In addition, the staff composition, responsibilities, relationships, and morale may have differed across sites, and these internal personnel factors influence success or failure of implementation projects (49). Site 3 was the only site that did not have a nurse onsite and likely a steeper learning curve to implement care processes for CVD risk factors. However, the site team lead was highly engaged, had a manager role and used the evidence-bundle to guide the team. This may also help to explain why the self-efficacy scores rose at Site 3. Sites were asked to have representative staff as part of the CUSP team from across their organization. All four sites had front-line staff and staff who had been with the organization of different lengths of time.
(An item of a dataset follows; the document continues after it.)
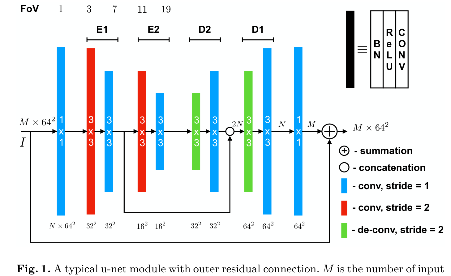 M 为输入特征的数量。在 U-网络模块中,每一层的输出特征图数量相同(除了最后的 1×1 滤波器),我们将其表示为N。为了更好地理解,该图还包含了每个卷积核的视场(FoV)(顶部)以及每个滤波器输出的特征图大小(底部),假设输入为 64×64 的 I。以彩色形式查看效果最佳。

Sites with full-time behavioral health home staff (sites 1 and 3) were more successful at obtaining complete client-level data by end of study. This may reflect differential organizational working conditions and structure (50). However, our data did not capture the quality of relationships among staff. Moreover, high staff turnover may have negatively impacted organization culture and ability for teams to implement durable change. Turnover increases individual workloads, slows momentum, and may make process changes harder to sustain (51).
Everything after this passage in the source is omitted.